Banka-dışı mali sektörün rolü çok sınırlı kalmıştır. Bu sektör, 70 kadar sigorta şirketinden oluşur. Bunların aktifleri, GSYH’nin %4’ü civarındadır. 30 kadar yatırım şirketi ve 270 fon, GSMH’nin %1,5’i civarında net aktiflere sahiptirler. Son zamanlarda ıslah edilen yasal çerçevenin uygulanması, uluslararası denetim ve ihtiyat standartlarıyla daha çok uyumlaşma getirmiştir. İstanbul Menkul Kıymetler Borsasında (İMKB), 300’e yakın şirketin hisseleri alınıp satılmaktadır. İMKB’nin cari piyasa fiyatlarıyla tüm menkul kıymetlerinin değeri, son yıllarda, GSYH’nin %30’undan fazla olmuş, ancak 2002’de %19’a gerilemiştir. Banka-dışı mali sektör, Hazine ve 1981’de kurulan Sermaye Piyasası Kurulu gibi uzmanlaşmış kurullar tarafından veya sigorta denetim kurulu tarafından denetlenmektedir.
Birlik içindeki rekabet baskısı ve piyasa güçleriyle başa çıkma kapasitesi

Bu kriteri yerine getirebilmek, ekonomik aktörlerin ileriyi görebilecekleri bir ortamda karar almalarına olanak veren istikrarlı bir makroekonomik çerçevenin ve bir piyasa ekonomisinin varlığına bağlıdır. Bu, ayrıca, altyapı dahil yeterli miktarda beşeri ve maddi sermayeyi gerektirir. Devlet işletmeleri yeniden yapılandırılmalı ve tüm işletmeler daha yüksek verimlilik için yatırım yapmalıdırlar. Bundan başka, işletmeler dış finansman olanaklarına ne kadar fazla erişebilirlerse ve yeniden yapılanma ve yenilenme konusunda ne kadar başarılı olurlarsa, adaptasyon kapasiteleri de o kadar büyük olacaktır. Genelde, bir ekonominin katılım öncesinde Birlik ile gerçekleştirdiği ekonomik bütünleşme derecesi ne kadar yüksek olursa, o ekonomi üyelik gereklerini o kadar daha rahat bir biçimde üstlenebilecektir. AB üye devletleriyle ticarete konu olan ürünlerin hem hacmi, hem de çeşitliliği, bunun kanıtını oluşturur.

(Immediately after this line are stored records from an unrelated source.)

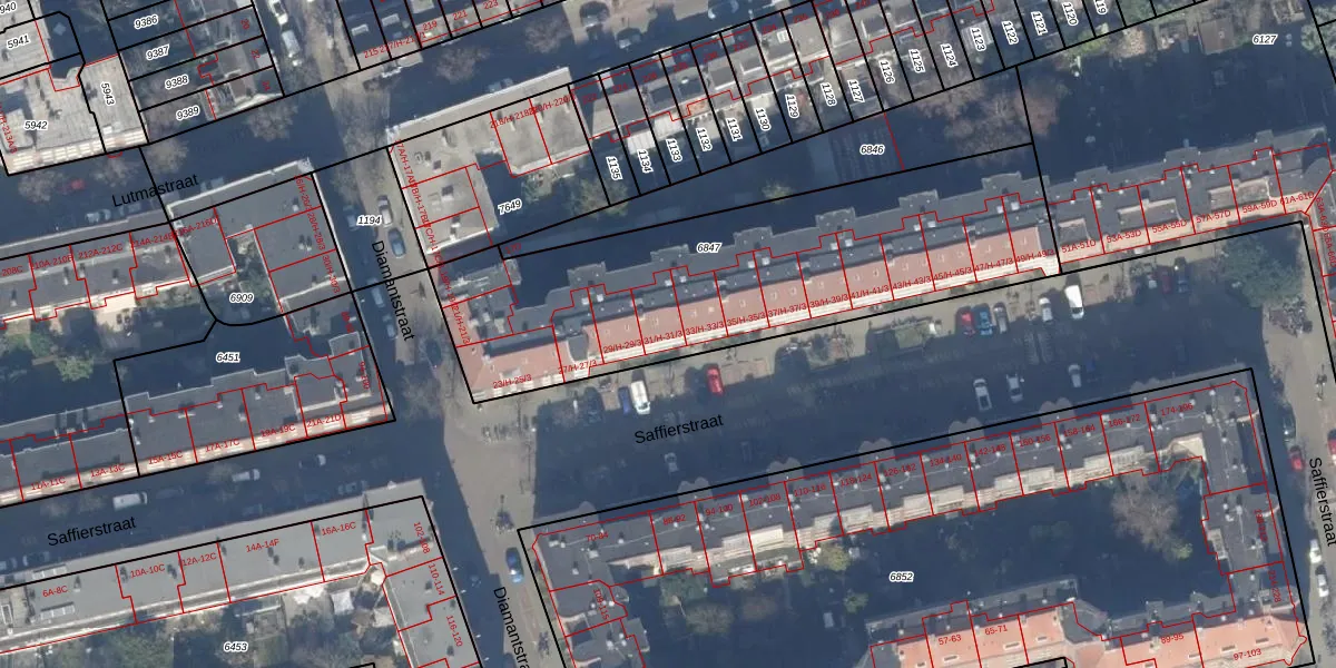Saffierstraat 31-1 is gelegen op kadastraal perceel ASD18V6847. Deze kadastrale aanduiding is uniek en wordt gebruikt door het Kadaster om eigendomsrechten en andere zakelijke rechten vast te leggen. Het perceel maakt onderdeel uit van de kadastrale gemeente Amsterdam.
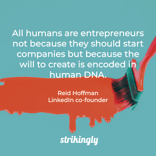 All humans are entrepreneurs not because they should start companies but because the will to create is encoded in human DNA. -Reid Hoffman, LinkedIn co-founder
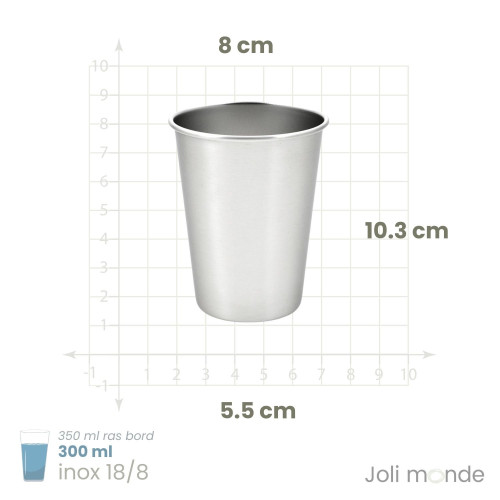 Hauteur 10.3 cm . Diamètres 8 cm / 5.5 cm . Contenance 300 ml. Poids 70 g
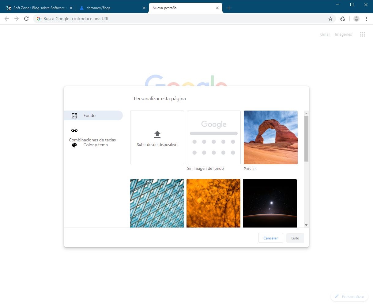 La première chose que nous verrons est la possibilité de choisir l’un des nombreux fonds que Google nous propose pour personnaliser le navigateur. Nous pouvons également télécharger notre propre arrière-plan et même le laisser vide, avec l’apparence caractéristique de Google.
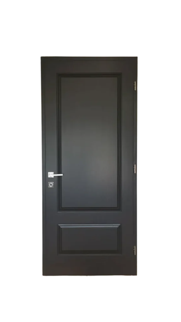 Rama de ușă, tocul și panoul central sunt realizate din lemn de molid/ paltin/ frasin dublu, triplu stratificat pentru rezistență maximă în timp.

Türkiye, piyasaların işleyişinin iyileştirilmesinde ve tam olarak işleyen bir piyasa ekonomisi için kurumsal çerçevenin güçlendirilmesinde ilerleme sağlamıştır. Ancak, makroekonomik istikrar ve öngörülebilirlik henüz yeterli bir derecede temin edilmemiştir. Enflasyonist baskılar, ekonomik aktörlerin orta vadeli planlama yapabilmeleri için yeterli ölçüde gerilemiş değildir. Yüksek reel faiz oranları, üretken yatırımı engellemektedir. Bankacılık sektörü, özel sektöre ancak sınırlı bir ölçüde finansman sağlamaktadır ve sektörün konsolidasyon süreci henüz tamamlanmış değildir. Çok büyük kamu borcunun servis maliyetleri, ağır bir yük oluşturmakta, Türkiye’nin ekonomik potansiyelinin büyük bir kısmını yutmaktadır. Bu sorunları çözmeye yönelik çabalar sürdürülmelidir.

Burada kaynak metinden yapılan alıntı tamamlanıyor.